The master or central control system generally contains PC-based HMI software or an operator interface touch panel. Most systems use UHF-licensed radios to provide reliable connectivity to remote sites. For non-PLC systems, some districts use simple seven-day timer modules that are set based on expected demand. Using this method, operators run the risk of either not keeping up with demand or producing too much, which could cause property damage to nearby parcels if storage tanks overflow.

On a Mission

Mission Springs Water District, one of Forshock's recent clients, provides water to Desert Hot Springs, located just north of Palm Springs and built on a natural hot mineral water aquifer. Mission Springs upgraded its pump station and reservoir controls at multiple sites to meet energy and reporting requirements. "The PLCs provide control for our video surveillance systems to monitor intrusion and security events," says Richard Johnson, water production supervisor at Mission Springs Water District.
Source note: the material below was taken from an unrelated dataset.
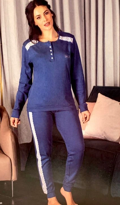 Pigiama Donna 100% cotone pesante Basile 673 outlet maglia aperta a serafino con inserti in pizzo e pantalone tinta unita con bordo alle caviglie

The PLCs are supplied by AutomationDirect (www.automationdirect.com), either the DL05 or the DL06 depending on the site.

The water district doesn't use HMIs at the remote sites, but instead connects each site to the central station HMI via MDS (www.microwavedata.com) UHF-licensed radios. At the central station, this HMI is used for display and reporting purposes.

Flexibility, security and reporting are important features for Mission Springs Water District. "Having the ability to remotely control and monitor VFDs allows us to adjust settings to maintain operation pressures and setpoints," notes Johnson. "The inclusion of on-site intrusion detection allows us to monitor potential threats to our customers' water supply. The HMI provides reporting features that we use to properly schedule maintenance of our motors and controls."

Before upgrading pump station controls, frequent trips were required to check status. Remote monitoring has eliminated most of those visits, and the video surveillance system provides detailed information about pump station conditions and operation, further reducing required trips to the site.

Constant monitoring of pump station components allows maintenance to be performed proactively on a planned basis. This saves money and cuts downtime as compared to servicing equipment on a calendar basis or at failure.

When the control system is located at a remote facility, reliability is an especially important consideration. "To date, we've had no failures directly related to the control system," recounts Johnson. "The HMI alarm software notifies our operators of potential problems quickly via text messaging and email. The latest versions include basic communications failure control based on duration of the outage and time of the day."

To clarify, in the current DL06 DirectLOGIC software, the real-time clock is used to measure the time since the last update from the central master station HMI. Should the time be longer than the configured delay at the site, the PLC at the site will enter into a local control mode, operating independently of the central station HMI.